Oncocytic PRCC, a proposed variant of PRCC, is a rare neoplasm characterized by predominantly papillary or tubulopapillary architecture. The papillae are lined by neoplastic cells with granular eosinophilic cytoplasm and oncocytic PRCC does not require immunohistochemistry (IHC) for diagnosis.[15]

SDH-deficient RCC is composed of neoplastic cells with distinctive cytoplasmic vacuoles or flocculent inclusions that contain eosinophilic material. The loss of IHC staining for SDH complex II, subunit B and iron sulphur protein, a marker of dysfunction of the mitochondrial complex II, is a requirement for the diagnosis of SDH-deficient RCC. Most patients have germline mutations in one of the SDH genes.[3]

ESC RCC, while not included in the 2016 World Health Organization classification of tumours of the urinary system, is a newly described neoplasm predominantly occurring in women. ESC RCC is characterized by cells with abundant eosinophilic cytoplasm, typical fine or coarse basophilic stippling, solid and cystic growth patterns, frequent CK20+/CK7– immunophenotype and an indolent clinical course.[16,17]

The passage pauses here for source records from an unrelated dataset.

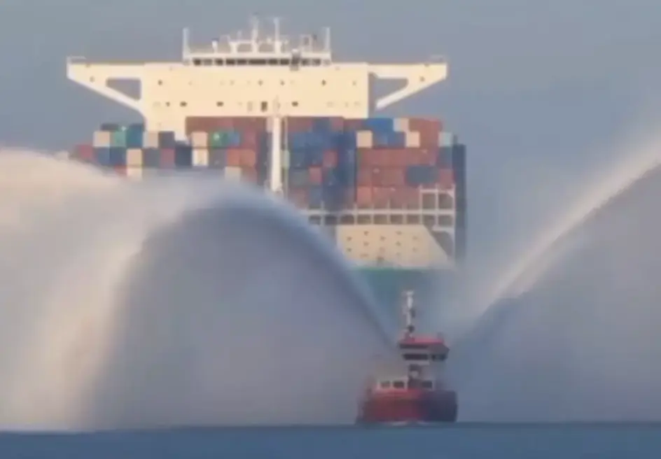 The now widely shared clip, viewed over 50 million times across X and YouTube, shows a tugboat escorting a towering cargo ship while shooting water high into the sky.
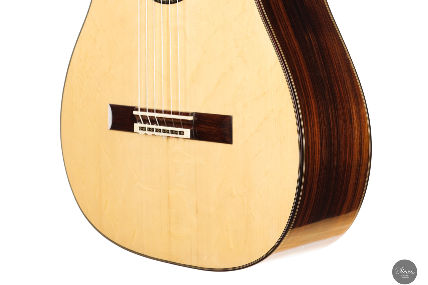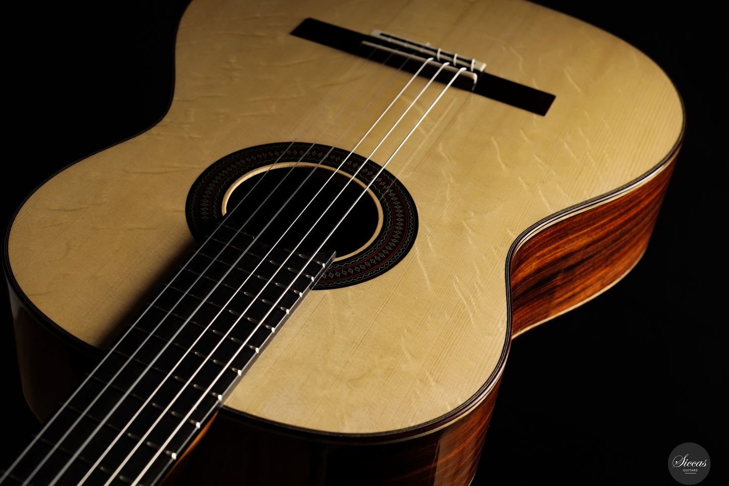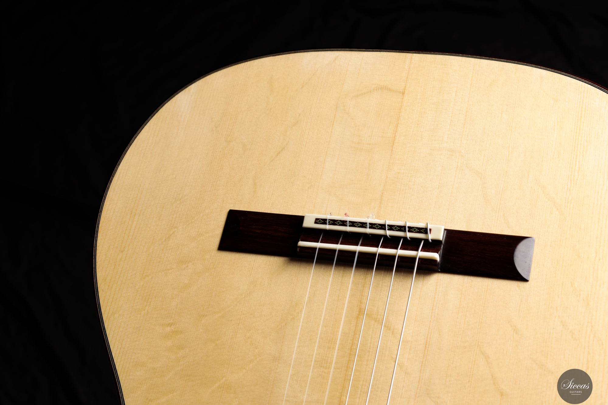 Dieses 2025 entstandene Instrument trägt den Namen „Alcione“ und gehört zu Nannonis zeitgenössischer Modellreihe. Der Name verweist auf die griechische Mythologie, genauer auf die Geschichte der Plejaden, sieben Schwestern, die in Sterne verwandelt wurden, um Seeleuten den Weg zu weisen. Diese poetische Anspielung verbindet Musik, Licht und Orientierung zu einem Sinnbild für Nannonis künstlerisches Schaffen. Die Gitarre ist vollständig aus Holz gefertigt und folgt einem von Nannoni seit Jahren entwickelten und verfeinerten Lattice-Konzept. Das Bracing besteht aus fünf traditionellen Leisten, ergänzt durch vier sehr dünne, um 180 Grad gedrehte Leisten, die unterhalb verlaufen. Diese Konstruktion verleiht dem Instrument eine große klangliche Effizienz, Resonanz und Stabilität. Die Fichtendecke wird durch Boden und Zargen aus Cocobolo ergänzt, was dem Klangbild Helligkeit und Tiefe verleiht. Mit einer Eigenresonanz zwischen Fis und G und einem Gewicht von nur 1360 Gramm reagiert die Gitarre äußerst direkt und dennoch mit einem warmen, gesanglichen Charakter. Die Schellackpolitur hebt die natürliche Schönheit der Tonhölzer hervor, während Hals und Griffbrett Stabilität und Spielkomfort gewährleisten. Ein besonderes Detail sind die Alessi-Mechaniken mit feiner „Fischschuppen“-Gravur, die dem Instrument eine künstlerische Note verleihen. Mit ihrer sorgfältig entwickelten Konstruktion, dem einzigartigen Bracing-Konzept und ihrer zeitgenössischen Eleganz vereint die Nannoni Alcione moderne Spielbarkeit mit traditioneller Klangschönheit.
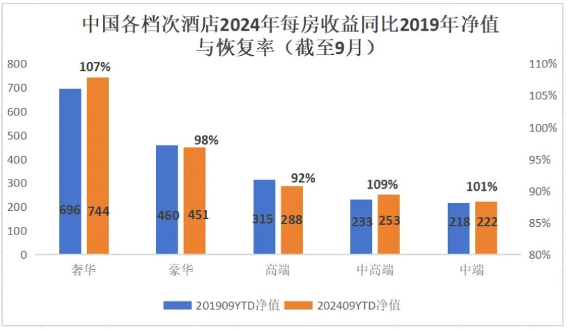 劲旅君最近关注到STR的一个统计数据,中国各档次酒店2024年每房收益同比2019年的净值与恢复率(截止2024年9月)显示出两个极端需求表现:一方面,奢华酒店、中高端及中端酒店需求持续旺盛,数据全面反超2019年同期;另一方面,豪华和高端酒店却出现需求疲软现象,数据恢复远不如2019年同期。
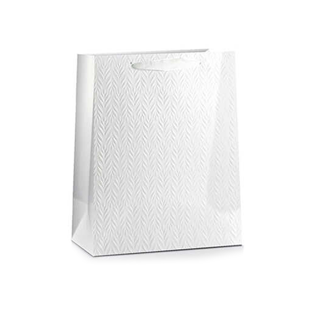 TOREBKA PREZENTOWA LISTKI TŁOCZONA BIAŁA 23x18cm
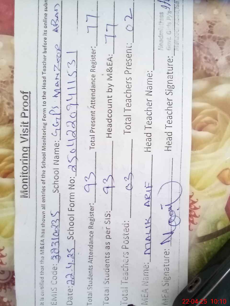 | Attendance Register | Head Teacher | MEA with School | Visit Proof |
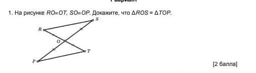 ΔROS = ΔTOP по двум сторонам и углу между ними (по первому признаку равенства треугольников)
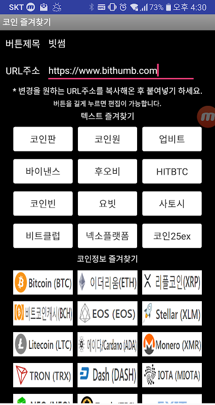 सिक्का पसंदीदा ऐप (एंड्रॉइड ऐप)। शॉर्टकट बटन दबाकर और दबाकर आप वांछित साइट पते टाइप करके इसे संपादित कर सकते हैं। 25 प्रमुख सिक्कों (बिट सिक्का, बिट सिक्का कैश, रेवेन, गोलेम, नेक्सो, नेवेली, रिवेट, पॉलिमस, रिपल इत्यादि) की सिक्का-गीको साइट पर जाने के लिए सिक्का जानकारी बटन स्पर्श करें।
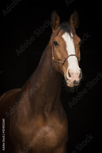 © Nadine Haase, Fototapeta premium Pferdeportrait vor dunklem Hintergrund
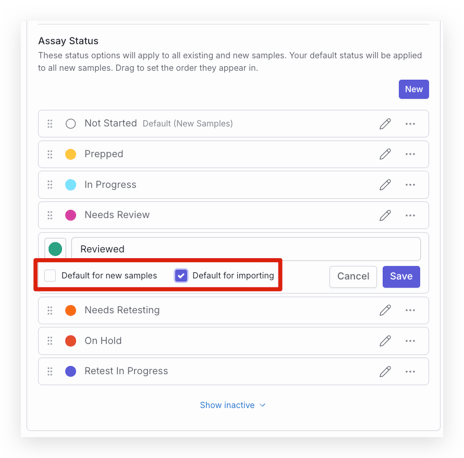 Pro Tip: Defaults can be set for new samples and when results are imported by selecting the pencil icon or the three dots next to a status. See the article How do I Bulk Import Data? for more information on auto-assigning statuses when importing data.
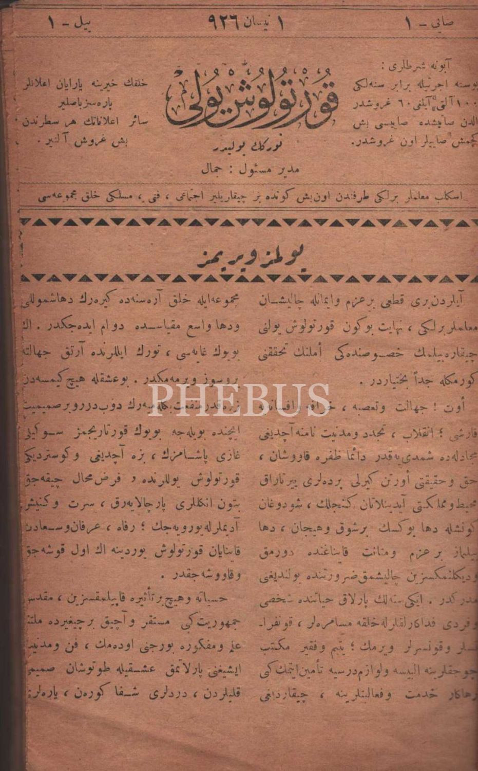 KURTULUŞ YOLU mecmuasının 1 ilâ 42. sayısı tek ciltte, İskilip Muallimler Birliği, 1926-27

A common diagnostic challenge is distinguishing the eosinophilic variant of ChRCC and oncocytoma. ChRCC is characterized by cells with prominent cell membranes described as plant cell-like, wrinkled ‘raisinoid’ nuclei with perinuclear haloes, finely granular eosinophilic cytoplasm and diffusely positive CK7 immunophenotype.[3] The distinctive nuclear features of ChRCC are key to distinguishing oncocytoma from the eosinophilic variant of ChRCC.[18] The International Society of Urological Pathology recommends paying close attention to nuclear cytology and cytoplasmic features supplemented by IHC staining for CK7.[15]

On the basis of our experience and the findings of other studies, we believe that renal oncocytomas have characteristic morphological features that allow for accurate diagnosis. The cases in our series were diagnosed based on morphology and supported by IHC for CK7. Tumour cells were mostly negative for CK7 although occasional focally positive cells were seen. Furthermore, we are of the opinion that the presence of necrosis, sarcomatoid areas, prominent clear-cell changes, prominent papillary architecture and widespread mitotic figures including atypical forms are not compatible with the diagnosis of renal oncocytoma.

We conclude that the presence of vascular and perinephric fat invasion is consistent with the diagnosis of renal oncocytoma and does not alter its benign course.